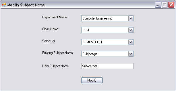 Similarly, to modify a subject, click on the “Modify Subject Name” in the “Subject” menu as shown in Figure 4.1. Further to modify the subject name we select Department Name, Class Name, Semester, Existing Subject Name and type in the New Subject Name & click “Modify” as shown in Figure 4.3
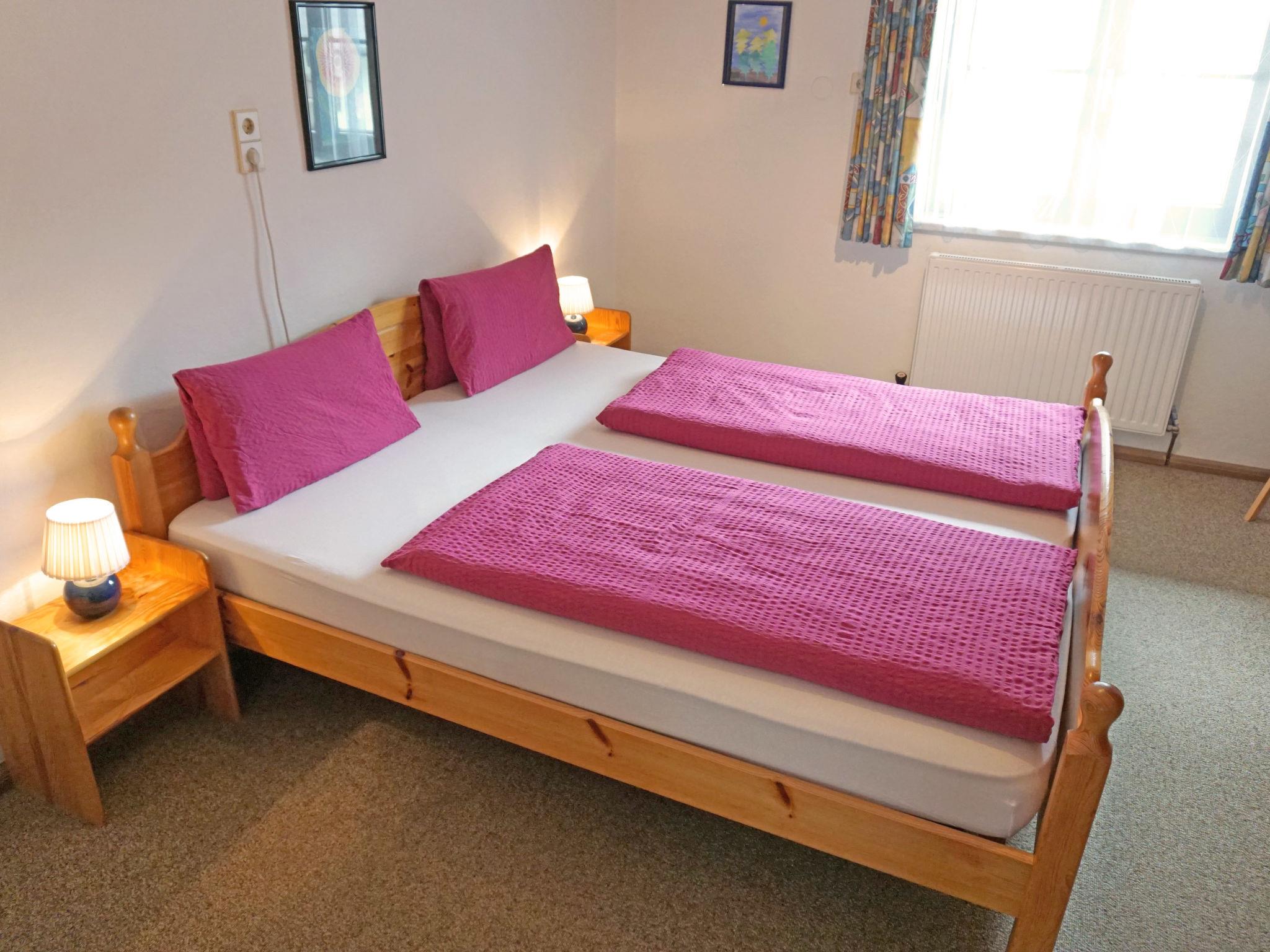 4-room apartment 80 m2 on 1st floor. Spacious, cosy furnishings: entrance hall. 2 double bedrooms. 1 room with 1 double bed (140 cm), cable TV (flat screen). Kitchen-/living room (oven, dishwasher, 4 ceramic glass hob hotplates, microwave, electric coffee machine) with dining nook and radio. Exit to the balcony. Bath/WC. Large balcony, south facing position and west facing position. Balcony furniture. Marvellous view of the mountains and the countryside. Facilities: hair dryer. Internet (WiFi, free). Please note: non-smokers only.
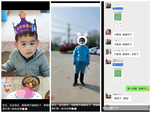 4月3日,是晏羽的兒子小王子的四歲生日,也是他離家奮戰(zhàn)在“疫”線的第6天。自全員核酸檢測工作開展以來,85后的晏羽便在村部開了工作證明,甚至連一件換洗的衣物都沒來得及帶上便踏上了抗“疫”之途。他說,我可能是個“壞爸爸”,但作為一名黨員、一名黨務(wù)工作者,我理應(yīng)站在最前沿,這既是我的職責使命,也是在踐行我的入黨誓言,我相信兒子長大以后一定可以理解,我相信我們很快就會團聚。
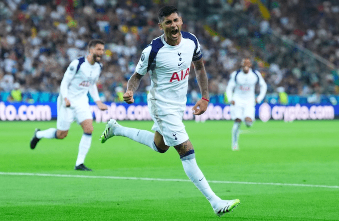 Tottenham Hotspur defender Cristian Romero celebrates goal.
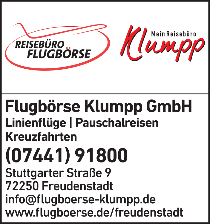 Die Adresse von Flugbörse GmbH lautet: Stuttgarter Str. 9, 72250 Freudenstadt

:::

# WORK REQUIRED
No pictures go in the copy. Retype exactly the lines from the one with "Tottenham Hotspur defender" through the last line of the entries above, both included, and nothing more.

# THE ANSWER
 Tottenham Hotspur defender Cristian Romero celebrates goal.
 Die Adresse von Flugbörse GmbH lautet: Stuttgarter Str. 9, 72250 Freudenstadt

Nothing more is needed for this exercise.